EXERCISE INSTRUCTIONS
Quote word for word from the line holding "在文化和美食展區(qū),展" to the last line below, including both, and omit any pictures.

RAW DATA
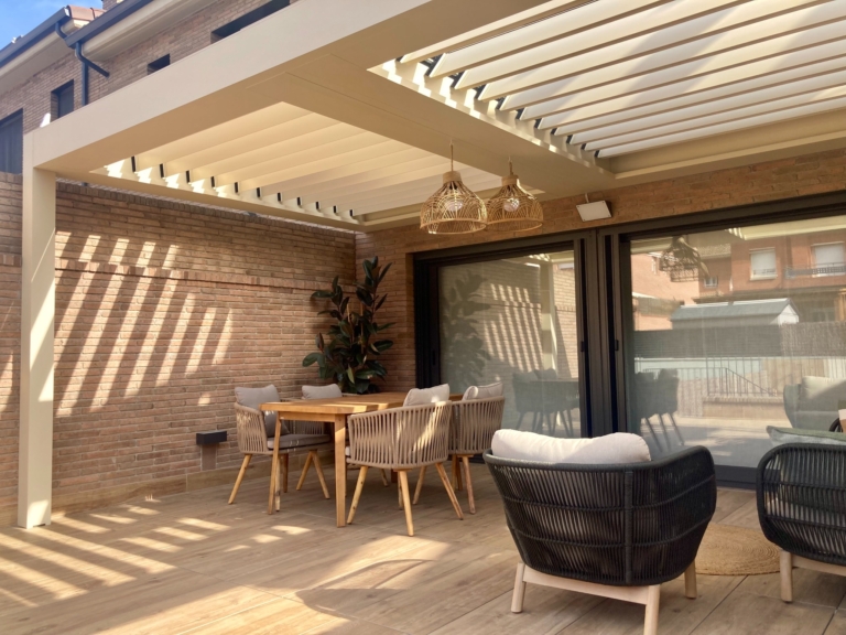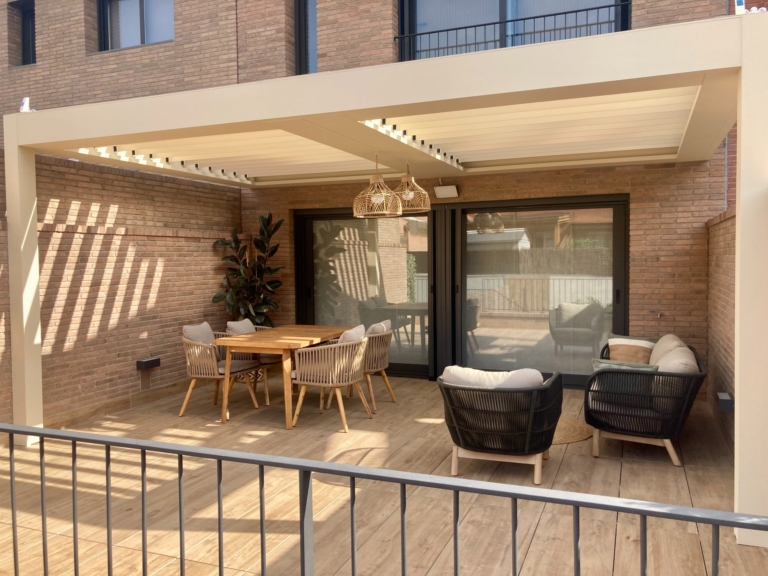 Aquest projecte transforma una zona exterior privada en un espai elegant, funcional i confortable per a totes les estacions. El punt central de la intervenció és la instal·lació d’una pèrgola bioclimàtica orientable i retràctil, que regula la llum i protegeix del vent i la pluja sense renunciar a l’obertura total de l’espai.
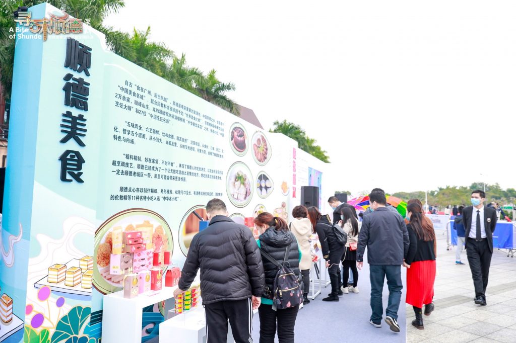 在文化和美食展區(qū),展示了香云紗、廣繡、龍舟、魚燈等非遺傳統(tǒng)文化工藝,以及順德酒廠、喜萬(wàn)年、欣得食品、雨潤(rùn)食品、榮華食品、鰻魚、倫教糕、雙皮奶等順德特色手信。
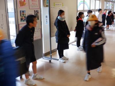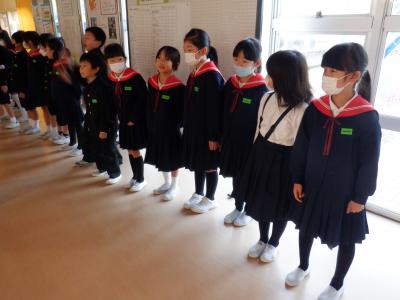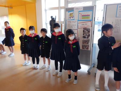 特に、2年生はたくさんの参加があり、児童玄関前の廊下いっぱいに、
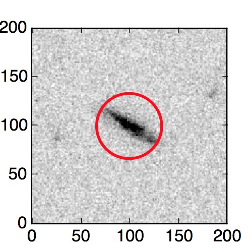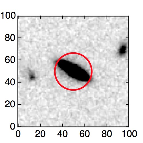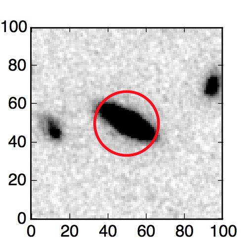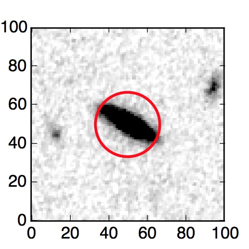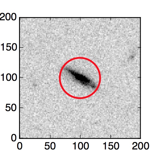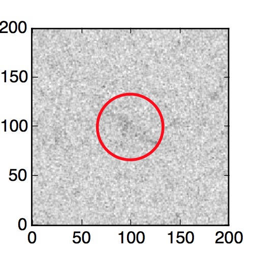 The red circle in the various panels is 1" in radius. The images are 6"x6".

WRITTEN RESPONSE
 在文化和美食展區(qū),展示了香云紗、廣繡、龍舟、魚燈等非遺傳統(tǒng)文化工藝,以及順德酒廠、喜萬(wàn)年、欣得食品、雨潤(rùn)食品、榮華食品、鰻魚、倫教糕、雙皮奶等順德特色手信。
 特に、2年生はたくさんの参加があり、児童玄関前の廊下いっぱいに、
 The red circle in the various panels is 1" in radius. The images are 6"x6".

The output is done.